The dog and I covered a good bit of country yesterday. Both of us wearing down, we still pushed on seaking the only true fix for our addiction. 










With the fall colors and the fog, Dash led me into a painting. 










Finally at one of the four different public hunting areas we hit during our day long expedition, we found our drug.Dash stopped for a moment and raised his head. I could see him almost trying to taste the air. He ran far ahead and locked on a confident point. As I caught up, I saw a single quail run across in front of him and just knew it would be too much for him to bear. Dash repositioned but did not make chase. To block the bird and maintain control I moved wide around Dash's right so I could come in from in front of him. Then a huge covey of birds exploded between us in a roar. I think my heart stopped for a moment. Like a point in time I was frozen in a picture. The snapshot of a narrow yet solid wall of birds is still imprinted in my mind. I eventually fired a couple shots, but it was too late.Birds scattered. It did not take Dash long to find and point a single that did not make it across a fence to the safey of private land. With teamwork we got our first fix. 
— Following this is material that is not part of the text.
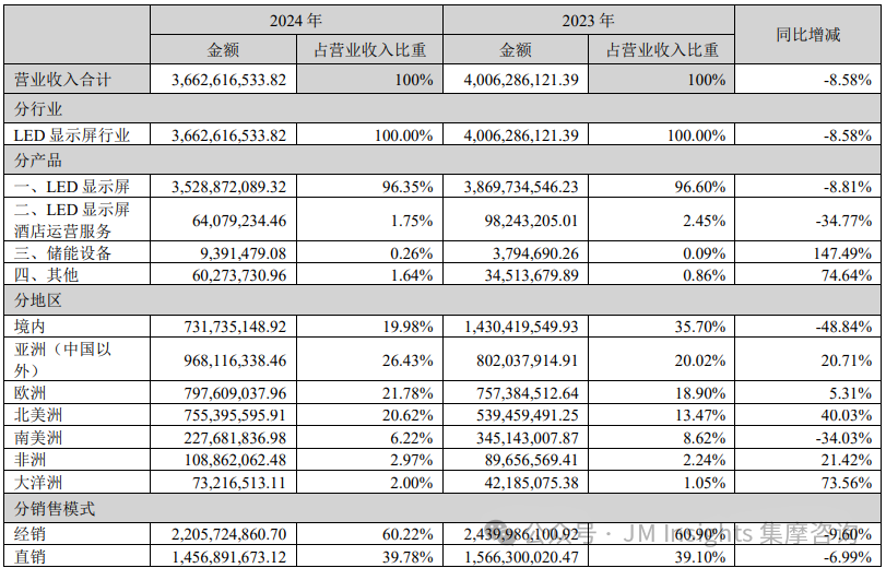 营业收入和净利润双下滑背后,是LED显示竞争日趋激烈的行业环境,同时也是艾比森在海外市场与国内市场之间策略调整的博弈。3月31日,艾比森发布2024年度业绩报告,报告显示公司2024年营业收入为36.63亿元,同比下降约8.58%;归属于上市公司股东的净利润为1.17亿元,比上年同期下降62.98%;扣除非经常性损益后的净利润为7589.69万元,比上年同期下降72.51%。与此同时,经营活动产生的现金流量净额为1.53亿元,同比下降71.18%;基本每股收益0.3192元,同比下降63.41%。截至报告期末,公司总资产为36.73亿元,同比下降7.51%;归属于上市公司股东的净资产15.14亿元,同比增长5.54%。艾比森表示,公司经营业务的变化主要体现在国内外市场的表现差异。报告期内,海外市场实现了29.31亿元的营业收入,同比增长13.78%,表现出良好的增长态势,主要得益于多年的深耕和合理布局,增强了品牌竞争力。相较之下,中国市场受到经济环境和竞争态势的影响,营业收入为7.32亿元,同比下降48.84%。公司从聚焦规模扩张调整为选择价值客户进行深耕,显示出在国内市场的战略调整。财报显示,在全球 LED 显示屏提供商中,Absen 是品类组合布局最全的品牌之一,也是全球地域覆盖率最高的品牌之一。公司多年来不断深耕海外市场,成为中国品牌出海的优秀典型。回顾艾比森海外市场情况,公司海外营业收入已连续三年保持两位数增长,三年复合年均增长率(CAGR)高达 43%,欧洲、北美、亚非拉等区域的三年 CAGR 均超过 30%。但略显遗憾的是,其国内市场业务发展相对羸弱。受经济环境和竞争态势的影响,2024年国内市场的营收有所下降,但客户结构和经营质量逐步优化。财报显示,艾比森国内市场实现营业收入约为 7.32 亿元,较 2023 年同期下降约 48.84%。具体季度来看,艾比森在2024年前三季度均实现盈利,而在第四季度出现亏损,公司归母净利润亏约81万元,扣非净利润亏损超267万元。盈利能力方面,2024年公司实现毛利率27.48%,同比2023年下降1.53%。具体产品来看,贡献公司超九成营收的LED显示屏,营收同比下滑,毛利率同比减少0.78%。2024年其LED显示屏产品单价跌破1万元,来到0.99万元/平方米,而这一数字在2023年还维持在1.04万/平方米。虽然面临营收与净利润双下滑的压力,但不得不提的是,宏观经济周期波动与产业结构调整的影响交织,LED显示行业面临业务增速放缓与盈利水平承压的双重挑战,多家上市公司甚至陷入亏损。艾比森在财报中提到,公司在面对行业竞争挑战时,采取了积极的经营策略,如成本控制和定价策略优化,确保了毛利率的相对稳定。公司还持续加大对人才梯队和品牌营销的投入,以提升综合竞争力。

A found spring fed beaver pond in a sea of drought. Seached over for woodcock or snipe, but none found. We did find snipe at the big lake. And rabbits to, but this is a quail story.










Though not many, we did find more birds elsewhere through the day.Some taken, some not. But none can compare to that first covey of the day. That first rush. Like a drug.


----------



## mswhipple (Mar 7, 2011)

Thanks for sharing that, sniper john... You should consider publishing a book! Always enjoy your posts so much!! ;D ;D ;D


----------



## texasred (Jan 29, 2012)

Is seems no matter how long you have been chasing quail, a large covey rise will make your heart flutter. Beautiful pictures and write up.
Best of luck on this weekends hunt test, although I think Dash has it in the bag.


----------



## harrigab (Aug 21, 2011)

I want SJ's camera ;D,,,oh and his hunting skills, opportunities, and Dash too!


----------



## sniper john (Jun 17, 2010)

There is nothing special about my cameras. Those pictures were taken with a used Fuji Finepix S3200. I paid about $20 for it online from a pawn shop through Amazon. The shutter button does not work all the time. I have to push it from one to five times before it will take. It takes pictures though and I got what I paid for, so I kept it for a backup or bad weather camera rather than return it. If I drop it in the lake, no big deal.


----------



## Rudy (Oct 12, 2012)

Outstanding Pics" Sniper

we risk we search the adventures


----------



## huntvizsla (Jun 8, 2013)

Envious as I face another COLD WI WEEKEND. Brrr below zero wind chill. Poor V's would freeze their n**s off in this lovely Saskatchewan screamer.


----------